ロシア通貨ルーブルの暴落や輸入物価の高騰によるインフレと、石油・天然ガス取引停滞からくる不況のダブルパンチ。それによって苦しめられるロシア国民の間で、厭戦・反戦の機運は急速に高まる。それはもはやプーチンの方針転換を引き出す程度ではおさまらず、独裁打倒の現代版ロシア革命となるのではないか。

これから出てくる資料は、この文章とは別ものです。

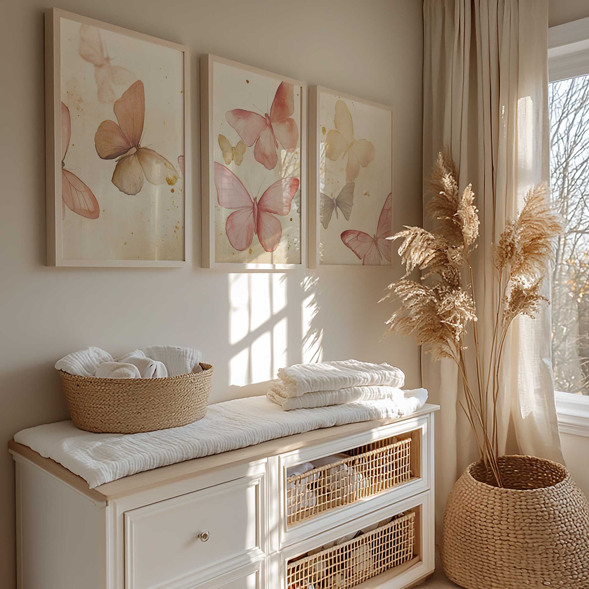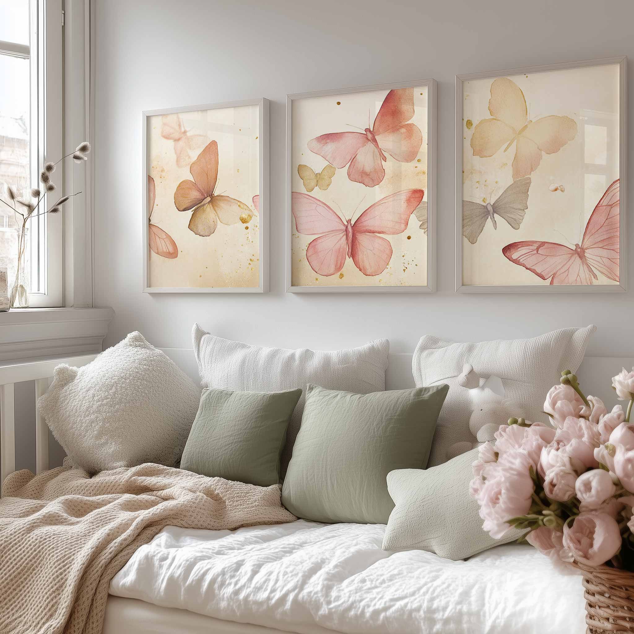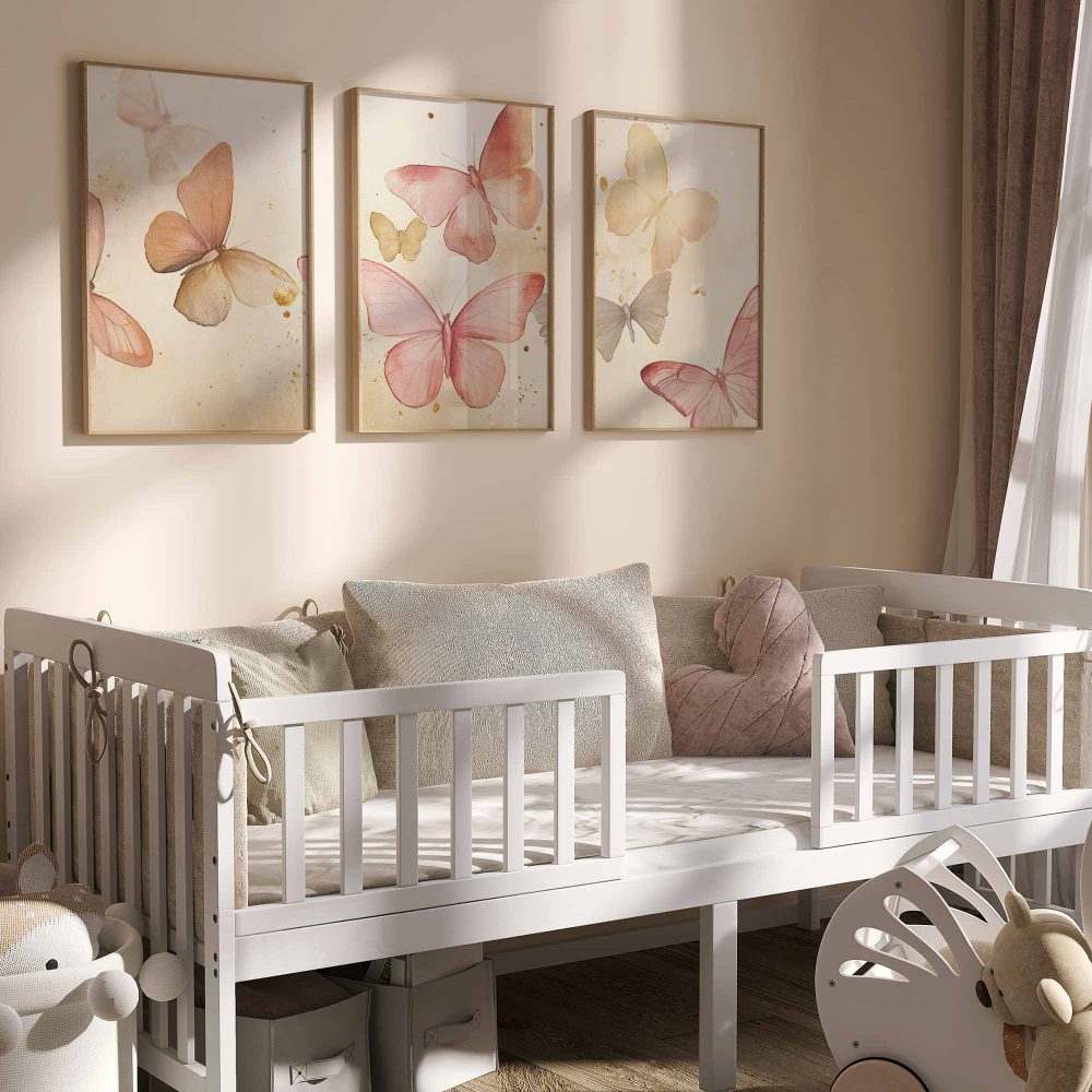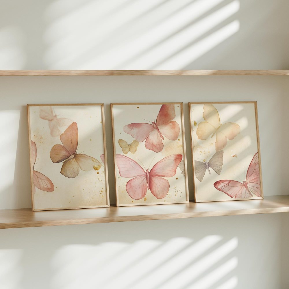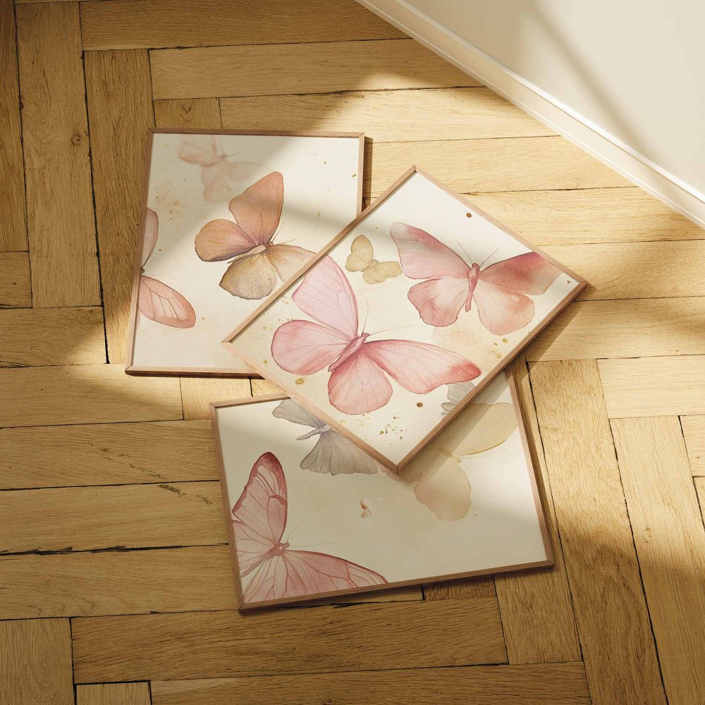 Terug naar collectie / Kinderkamer posters / Dieren posters / Speelse Watercolor Vlinders in Roze en Geel

ルーブル相場の動きや、弾圧にも屈しない反戦デモの広がりから、そんな予感が漂う。
ロシアによるウクライナ侵略をやめさせるため、欧州連合(EU)と米英などは2月26日、強力な経済制裁の措置として、ロシアの主要銀行を「国際銀行間通信協会(SWIFT)」から締め出す措置をとることで合意した。グローバルな金融決済のシステムを利用させないことで、ロシアの経済に最大級の打撃を与える作戦だ。
これによって侵略が直ちに止まることはないにしても、ボディーブローのように効いてくるのは必至だろう。侵略の代償として生じる通貨ルーブルの暴落、深刻化する輸入インフレと不況のもとで、ロシア国民の苦境と不満が反戦平和運動となって噴出するに違いない。そうすれば、プーチン大統領の暴走に歯止めがかるだけでなく、やがて独裁の崩壊とロシア民主化につながってゆくのではないか。
それは、平和とパンを求めたかつてのロシア革命の伝統を現代によみがえらせる道となるのかもしれない。